What to work on: With all pictures omitted, return verbatim the lines from the beginning of the records below through the line containing "(初訓)114年7月份【租賃住宅管理人員專業訓練班】".

★ ★ ★ ★ ★

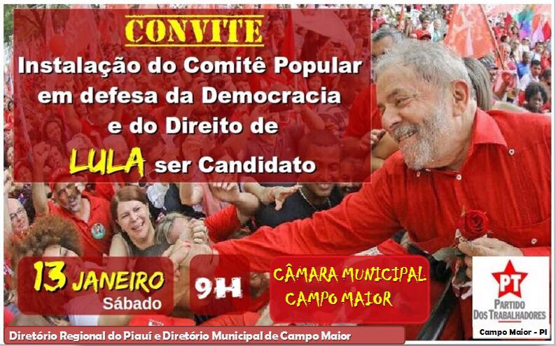 O Partido dos Trabalhadores realiza na manhã desta sábado (12), em Campo Maior, um ato em defesa do ex-presidente Lula. Durante o evento acontece a “Instalação de um comitê popular em defesa da democracia e do direito de Lula ser candidato”.
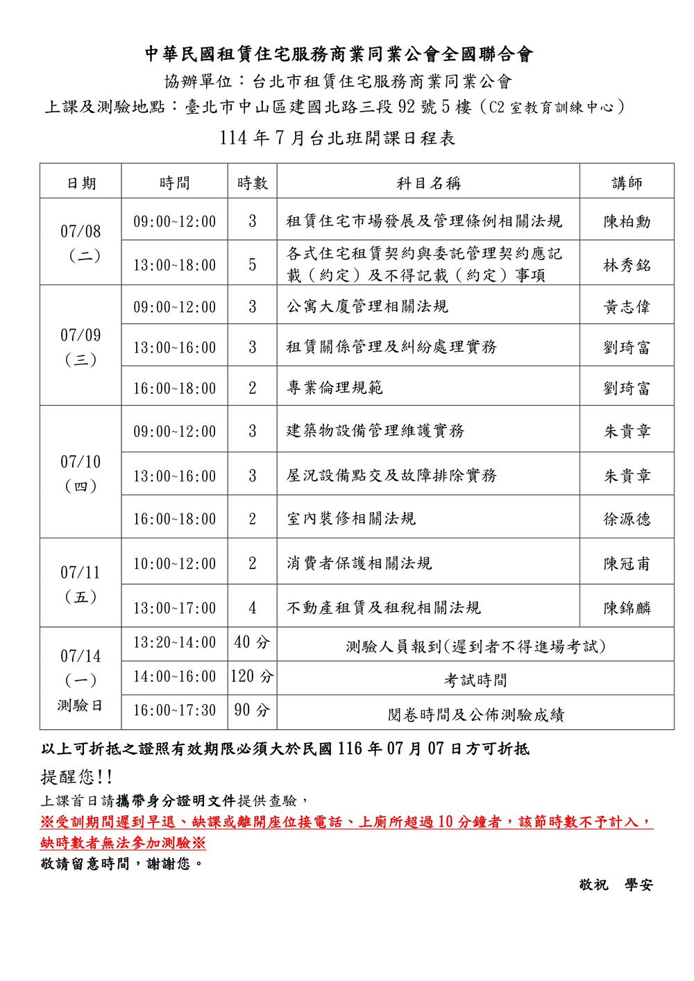 (初訓)114年7月份【租賃住宅管理人員專業訓練班】
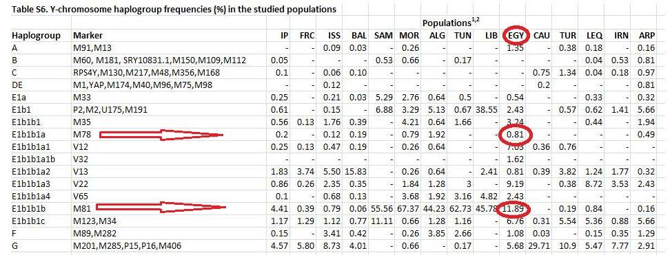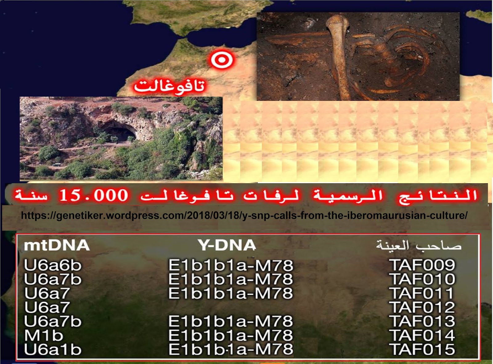 فضح هذه الاكذوبة : العلماء المشاركين في الدراسة افلبهم اجانب فلما تخيب توقعاتهم هل هم امازيغ ؟ اولا لا حظو ا اخوتي القراء كيف يحاول صاحب الموضوع التلاعب بالالفاظ للايحاء ان العلماء كانوا يبحثون عن تحورات من النوع EM81 وهذا كذب فلا احد من العلماء يهمه ما ذا سيجد من تحورات بقدر ما يهمه الوصول الى نتائج رسمية و دقيقة ثانيا بقول الكذاب ان تحورات رفاة تافوغالت التي عمرها اكثر من 15 الف سنة خرجت على تحور EM78 وان اغلبية حامليها خارج شمال افريقيا فضح هذه الاكذوبة : للعلم التحور EM78 هو تحور شمال افريقي خالص وليس من خارج افريقيا او من شرقها او جنوبها الدليل : قبل ذلك انظر في الصورة التالية توضيح لتلك النتائج بحيث تجدون النتائج الرسمية لتحوراتهم من جهة الاباء (Y-DNA) وايضا تحوراتهم الجينية من جهة الام(MT-DNA) ![]() حيث تم الاعلان الرسمي على تحوراتهم في شهر مارس 2018م على الرابط التالي: https://genetiker.wordpress.com/2018...usian-culture/ التحور EM78 هو نحور شمال افريقي مغاربي : تتاكدون من هذه المعلومة من خلال دراسة (Trombetta et al 2015) والشجرة الجينية للسلالة EM78 التي اصبحت الدراسة الرسمية لاصل منشا التحور EM78 الذي هو شمال افريقي مغاربي انظر مقتبس من الشجرة للتحور EM78 من دراسة (TROMBETTA) فهذه ا الدراسة لاخيرة تعتبر EM78 سلالة شمال افريقية 75 بالمئة على الاقل وهي معلمة باللون البنفسجي كلون يمثل شمال افريقيا كما هو موضح في الصورة السابقة اللون الأصفر داخل السلالة EM78 يمثل أوروبا و اللون االبني شرق أفريقيا، ونلاحظ ان السلالات الفرعية لـ: M78 مثل: E-V22 و E-V13 هي أوروبية بحسب دراسة Trombetta et al 2015 مشارة باللون الأصفر. بينما التحورات التحتية الاخرى للسلالة EM78 هي تحورات شمال افريقية خالصة والتي يحملها بعض الامازيغ ملاحظة اللون البنفسجي الذي يرمز الى شمال افريقيا (لا تدخل فيه مصر) أما اللون البنفسجي الشمال أفريقي في الأقراص المعروضة داخل E-V68، في دراسة (طرامبيطا 2015) فهو لا يحتسب الدولة المصرية و السبب بكل بساطة هي قاعدة بيانات دراسة Badro et al 2013 واللتي أظهرت تفوق كبير لحضور السلالة E-M78 في دول المغرب الكبير مقابل دولة مصر خصوصا عبر نسبة المعدلات العامة كما هو موضح اسفله: دراسة Badro et al 2013 ![]() رابط الدراسة : https://journals.plos.org/plosone/ar...l.pone.0054616 يوضح الجدول السابق ترتيب تواجد السلالة EM78 في شمال افريقيا: الجزائر تأتي متقدمة على مصر بنسبة 1.92 مقابل 0.81 لمصر تليها المغرب بفارق بسيط للغاية بحوالي 0.79، وهنا يتضح خرافة أقران المركر أو الهابلوغروب E-M78 بمصر كما يدعيه البعض في ظل تركز هذا الهابلوغروب في غرب المتوسط وغيابه في شرقه. فالدولة المصرية بها تقريبا نسبة 12% للسلالة الأمازيغية E-M81، هذا بدون أحتساب كل فروع E-Z827 في مصر وهي سلالة أمازيغية ايضا ليصل المجموع لحدود 18%. اما التحور EV22 الذي نسبته لدى المصريين 9.19 بالمية كما هو مبين في الجدول السابق وكما هو معلوم فأن السلالة E-V22 لا تعتبر سلالة مصرية وفق أخر التحديثات المشجراتية ل ISOGG بالأضافة لدراسةTrombetta et al 2015 إلصاق السلالة EM78 وخاصة التحور E-V22 بمصر وبشمال شرق افريقيا لم يعد مقبول علميا ولو أن دراسة Hassan et al 2008 أقترحت انها سلالة أنتشرت عبر وادي النيل أنطلاقا من الحدود الليبية المصرية. لكن هذه الدراسة تجاوزها الزمن والاكتشافات الجينية والاركيولوجية والانتروبولوجية الجديدة سنوات 2015 و 2017 و 2018 انظر مرة اخرى الى شجرة EM78 في دراسة (ترومبيطا 2015) الملونة بالانفسجي والاصفر والبني تلاحظ انه نفس الشيء ينطبق على السلالة E-V13 و E-V65 و E-V32 فالأولى تعتبر أوروبية و الثانية مغاربية من دول المغرب و الثالثة من القرن الأفريقي كما هو موضح في مخطط Trombetta et al 2015. ملاحظة : لتبقى السلالة E-V12 والتي تشكل نسبة 7.03% في مصر ككل، وهي أيضا انتشرت في وادي النيل أنطلاقا من الحدود المصرية الليبية كما أوضح Hassan et al 2008 وبالتالي فمنشأها بين منطقة ليبيا ومصر انظر الجدول التفصيلي للنسب في مختلف بلدان افريقيا لكنها( EV12) تتشارك الBasal مع كل من فرنسا و دول أوروبية و السودان و الشرق الأدن
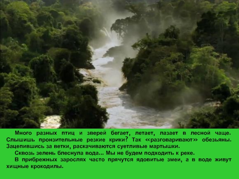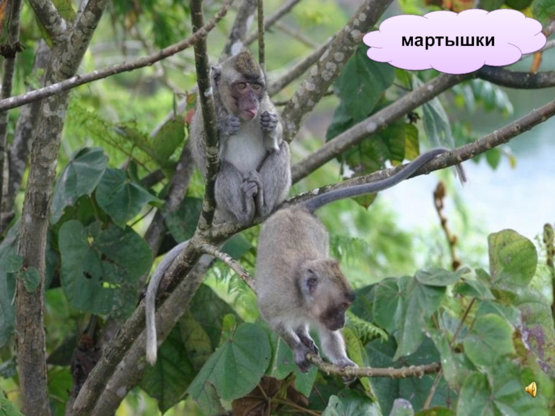 Слышишь пронзительные резкие крики? Так «разговаривают» обезьяны. Зацепившись за ветки, раскачиваются суетливые мартышки.
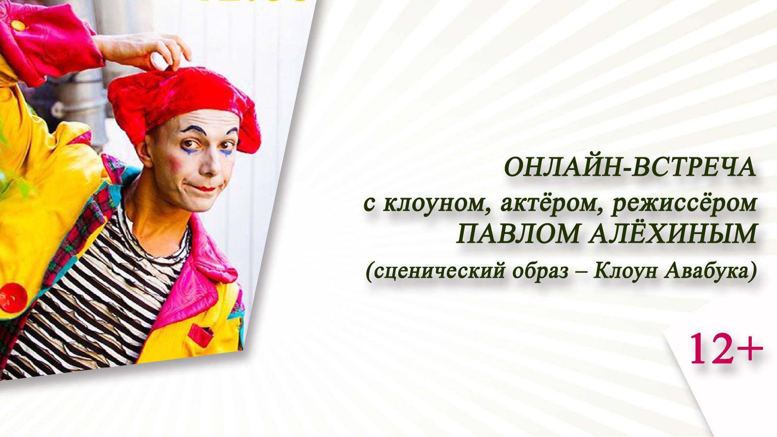 Гость нашего эфира – актёр, клоун, режиссёр Павел Алёхин (сценический образ – Клоун Авабука). Закончил Университет им. Н.И. Лобачевского (г. Нижний Новгород, филолог), Академию Искусств (г. Москва, режиссура пантомимы и пластического искусства). Участник Российских и зарубежных фестивалей пантомимы, танца и уличного театра: пантомимы «Белая Маска» (г. Москва), уличного искусства «Oreol» (Голландия), современного танца «TANZ WOCHE DRESDEN" (Германия), OPEN LOOK (г. Санкт-Петербург), арт-фестиваль «Sztuki Mimu» (Варшава), современной хореографии «Сила Безмолвия» (г. Санкт-Петербург), уличный фестиваль сказок на Желтой Мельнице и «БЕЛАЯ СВАДЬБА» Славы Полунина MAYFEST (Франция ). Является режиссером спектаклей: «Клоун Авабука», «Пьеро», «Корабли, Рыбы и Птицы». В 2015 году снялся в художественном фильме А. Кравчука «ВИКИНГ» (в роли Кобника). Павел участвовал в проектах театра DEREVO (СПб – Дрезден), а сейчас он артист Slava’s SNOW SHOW.
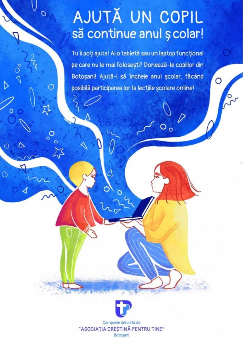 „Știai că în județul Botoșani există mii de copii aflați în imposibilitate de a continua anul școlar pentru că nu se pot conecta la orele online? Tu îi poți ajuta! Ai o tabletă sau un laptop funcțional pe care nu le mai folosești? Donează-le copiilor din Botoșani! Ajută-i să încheie anul școlar, făcând posibilă participarea lor la lecțiile școlare online! Puteți de asemenea să donați în conturile Asociației Pentru Tine, iar noi vom folosi toți banii pentru a cumpăra laptopuri sau tablete copiilor! Pe lângă aparatura tehnică, Asociația îi va ajuta tot online cu temele și vor desfășura și alte activități educative”, au transmis reprezentanții Asociației Creștine „Pentru tine”.
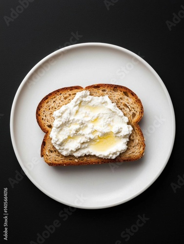 Photograph of a slice of bread on a white plate. the bread appears to be toasted and has a golden brown crust.
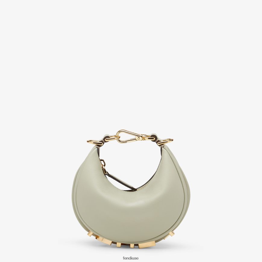 حقيبة هوبو نانو فنديجرافي مع سحاب للإغلاق، ومزينة بحروف فندي معدنية ذهبية عتيقة. يسمح الحزام القابل للتعديل مع المشبك بربطها بحقائب أكبر أو ارتدائها على المعصم. يأتي مع خطافات لحزام الكتف. مصنوع من الجلد الأخضر. أدوات معدنية مطلية بالذهب.
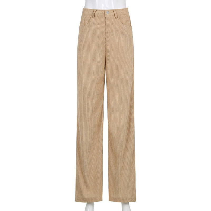 Step into a world of comfort and style with our Retro High-Waisted Loose-Fit Wide-Leg Corduroy Trousers. Designed for the modern woman, these trousers effortlessly blend timeless elegance with contemporary flair, making them an essential staple for any wardrobe.
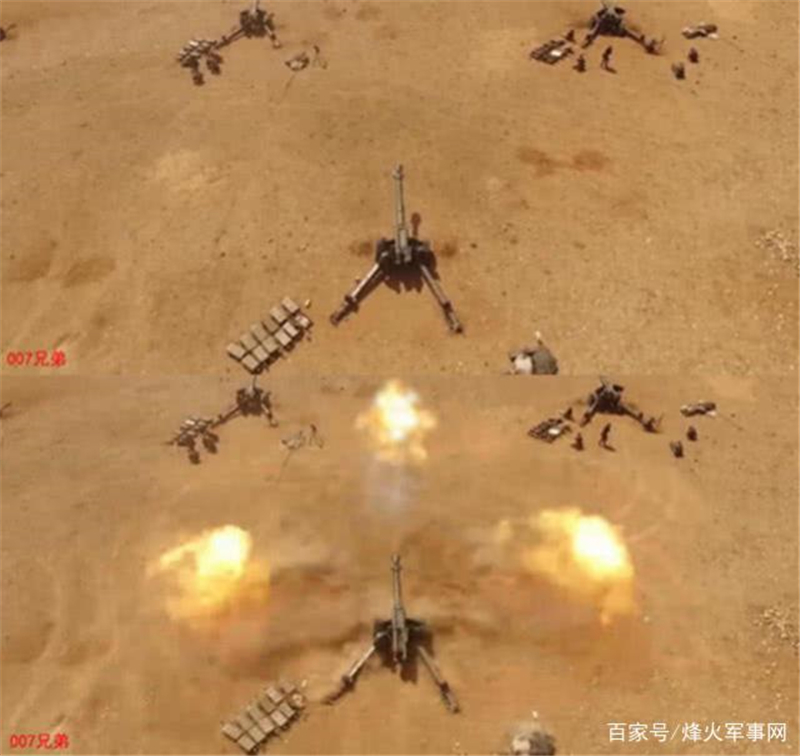 66式火炮开火瞬间,炮口焰还是很大的。俯拍的角度,可以清楚地看到多门火炮呈交错布置,左边是堆积的弹药箱,火炮驻锄等位置挖筑了简易支撑点。牵引式火炮一般靠人力装填,持续射速也就2-3发每分钟,只有自行榴弹炮的一半不到。但是牵引式火炮价格只有自行火炮的五分之一,加装信息化的目标解算、射击指挥设备后,作战能力也是足够应对很多情况的。
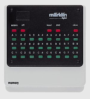 Também pode ser associado a outras Memory ou Keyboard. A Memory possui, adicionalmente, uma importante capacidade que lhe permite ser autónoma da teclagem manual; Quando ligada aos Encoders de via, pode ser actuada externamente sem recurso à teclagem manual. Esta capacidade é particularmente útil na gestão automática dos sinais de protecção de via. Ex: Uma locomotiva actua um sensor de via, é gerado um sinal codificado pelo encoder, enviado à Memory que gera um comando para a Central Unit (para o sistema). |
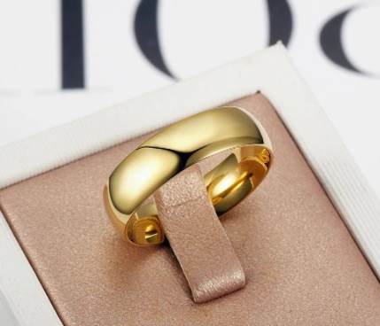 Anillo de acero inoxidable enchapado en oro de 18k para hombre y mujer, de estilo simple.joyería de alta calidad de 6 mm de anchura, para compromiso o regalo de aniversario.
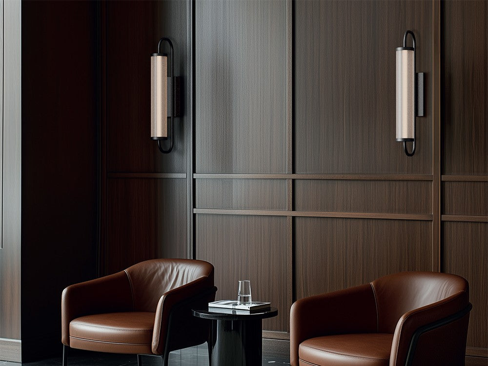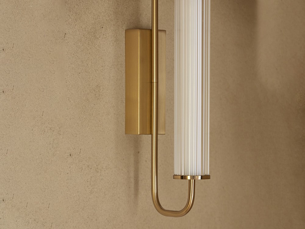 El aplique de pared Ison combina elegancia y funcionalidad en un diseño contemporáneo que destaca por su equilibrio entre materiales y proporciones. Su estructura en acero, disponible en acabado oro o negro mate, se acompaña de una pantalla cilíndrica de cristal transparente estriado que aporta textura y una difusión de luz especialmente atractiva.
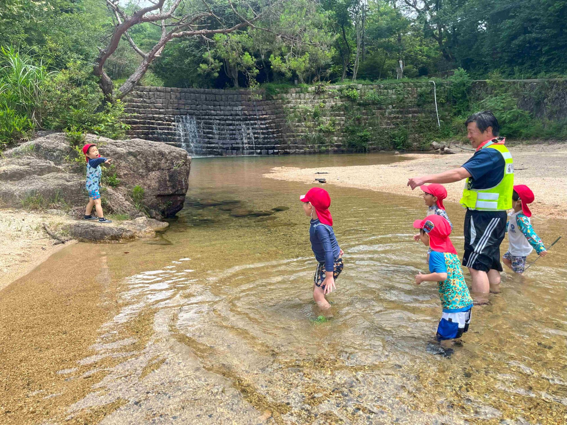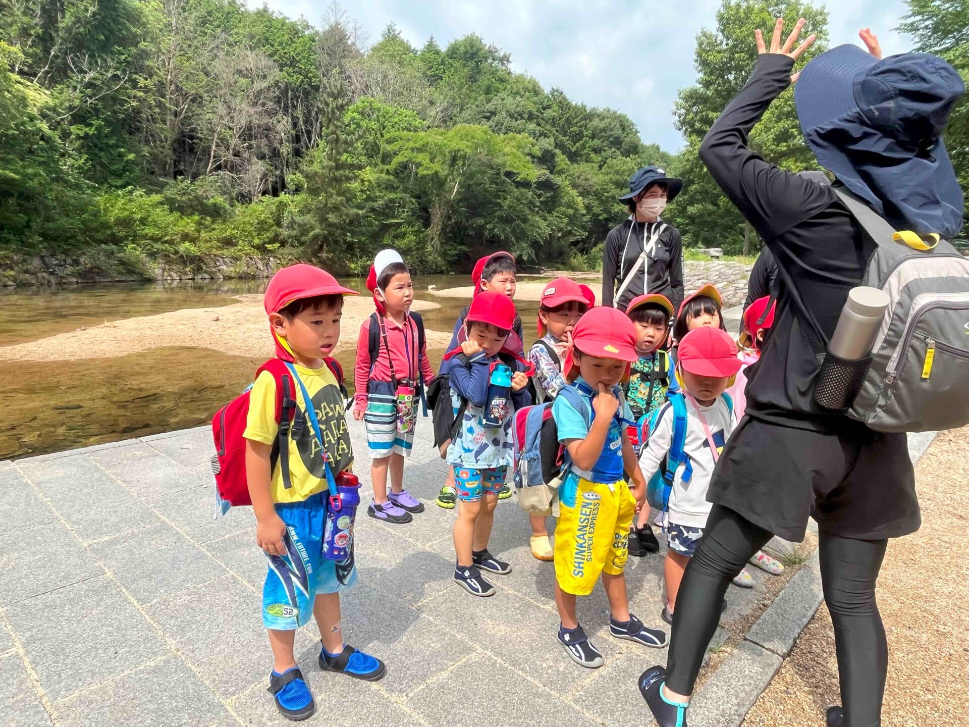 川に入る前に『お約束』を確認します。行ってはいけない場所、してはいけないことを守ることは、安全に遊ぶためには大切です。しっかり話を聞いて、きちんと守りながら遊ぶことができました😊

★ ★ ★ ★ ★

Response:
 O Partido dos Trabalhadores realiza na manhã desta sábado (12), em Campo Maior, um ato em defesa do ex-presidente Lula. Durante o evento acontece a “Instalação de um comitê popular em defesa da democracia e do direito de Lula ser candidato”.
 (初訓)114年7月份【租賃住宅管理人員專業訓練班】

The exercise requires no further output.